Business Description
AS OF 27 May 2025- Nissan, with headquarters in Yokohama, Japan, is a leading global automotive manufacturer with a market presence in many countries around the globe. The company’s growth investments are focused primarily on Japan, North America, and China, core markets with large profit pools in which Nissan has a meaningful market share. The company’s business in China is conducted through a joint venture with Dongfeng Motor Corporation.
- Nissan’s Sales Financing segment supports the sale of its vehicles by providing financing solutions to its customers and dealers. To enhance their creditworthiness, Nissan maintains keepwell (support) agreements with its wholly owned financial subsidiaries including Nissan Motor Acceptance Corporation (NMAC) in the United States and Nissan Financial Services (NFS) in Japan.
- The Renault-Nissan-Mitsubishi Alliance was established in 1999 to enhance member company scale in product development and raw material purchasing. The alliance includes equity participation, which led to Nissan holding ownership stakes in Renault (15% non-voting) and Mitsubishi (34%) and Renault holding an ownership stake in Nissan (43%). The Alliance’s automobile production volume is the third largest globally behind Toyota and Volkswagen.
Risk & Catalysts
AS OF 27 May 2025Management provided FY25 guidance for production volumes, retail sales, and consolidated operating profit, noting the guidance excludes tariff impacts. However, it noted its guidance for operating profit, net income, and automotive free cash flow is preliminary owing to uncertainty related to the potential impact of tariffs and additional restructuring costs that are currently being assessed. More broadly, the company is viewing FY25 as a year of transition that will set the stage for achieving positive automotive operating profit and free cash flow by FY26.

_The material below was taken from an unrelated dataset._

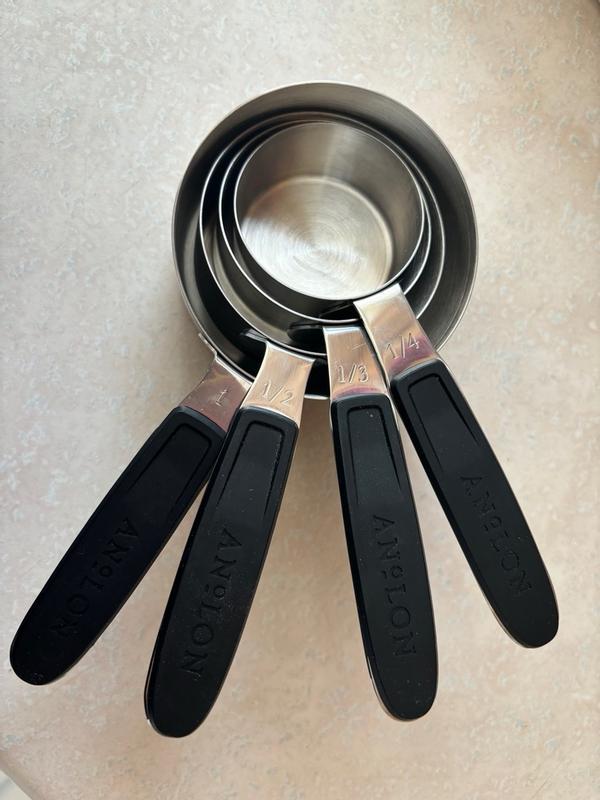 The best measuring cups that I have seen or had. I absolutely love the fact that the handles are magnetic. No more plastic ones that are attached with a plastic ring. They are heavy duty pro type cups. I even bought the other rectangular ones that fit into seasoning bottles. Great buy, great price!!!

The company expects to produce and sell 3% fewer vehicles in FY25 than it did in FY24. The retail sales decline expectation is driven by lower projected sales in China, which management expects to decline by about 18%. Global production volume is expected to decline to 3.0 mn units to manage dealer inventories based on the company’s lower retail sales outlook. The company expects revenue to decrease 1% in FY25 as lower volumes are partially offset by improved sales incentive management and favorable pricing related to new model launches in 2H25.
Key Metric
AS OF 27 May 2025JPY bn | FY20 | FY21 | FY22 | FY23 | FY24 |
---|---|---|---|---|---|
Revenue | 6,843 | 7,393 | 9,573 | 11,524 | 11,371 |
EBIT | (471) | (42) | 242 | 409 | (54) |
EBIT Margin | (7%) | (1%) | 3% | 4% | (0%) |
EBITDA | (201) | 247 | 559 | 760 | 309 |
EBITDA Margin | (2.9%) | 3.3% | 5.8% | 6.6% | 2.7% |
Total Liquidity | 4,096 | 3,601 | 3,658 | 4,196 | 4,272 |
Net Debt | (636) | (728) | (1,213) | (1,546) | (1,499) |
Total Debt | 1,260 | 973 | 687 | 468 | 661 |
Gross Leverage | n/m | 3.9x | 1.2x | 0.6x | 2.1x |
Net Leverage | 3.2x | -2.9x | -2.2x | -2.0x | -4.8x |
CreditSight View Comment
AS OF 02 Jul 2025Our Underperform recommendation on Nissan Motor and Nissan Motor Acceptance Corporation (NMAC) notes is based on our view the notes are subject to downside risk from the recently enacted US auto import tariffs that could thwart its profit improvement initiatives in the US and potentially extend its recovery process. The major risk to our underperform recommendation is a potential partnership with Foxconn, KKR, Tesla, or Honda, the latter of which could lead to expectations for a near-term rating upgrade back to investment grade.